#### [Records to use]

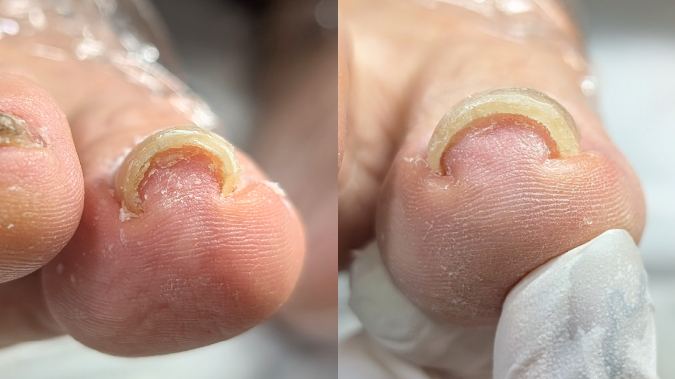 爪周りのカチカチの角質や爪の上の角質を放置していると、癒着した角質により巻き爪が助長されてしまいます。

==

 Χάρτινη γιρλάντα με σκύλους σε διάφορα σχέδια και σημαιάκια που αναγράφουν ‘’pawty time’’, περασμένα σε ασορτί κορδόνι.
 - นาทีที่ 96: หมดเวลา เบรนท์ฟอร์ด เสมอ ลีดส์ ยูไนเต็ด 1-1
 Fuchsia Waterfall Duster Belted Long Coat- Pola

...

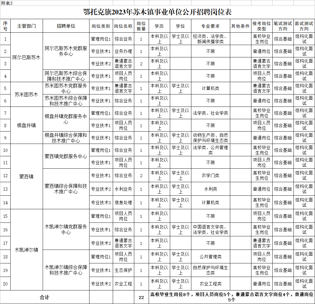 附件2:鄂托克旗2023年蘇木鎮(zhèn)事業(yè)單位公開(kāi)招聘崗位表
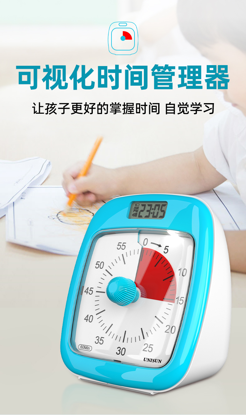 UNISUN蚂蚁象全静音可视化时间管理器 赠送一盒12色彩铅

#### [Aim of the task]
Only one part of the material above is wanted: the lines from the one with "附件2:鄂托克旗2023年蘇" up to and including the one with "UNISUN蚂蚁象全静音可视化时间管理器 赠送一盒12色彩铅". Please copy them exactly, pictures left out.

#### [Result for this exercise]
 附件2:鄂托克旗2023年蘇木鎮(zhèn)事業(yè)單位公開(kāi)招聘崗位表
 UNISUN蚂蚁象全静音可视化时间管理器 赠送一盒12色彩铅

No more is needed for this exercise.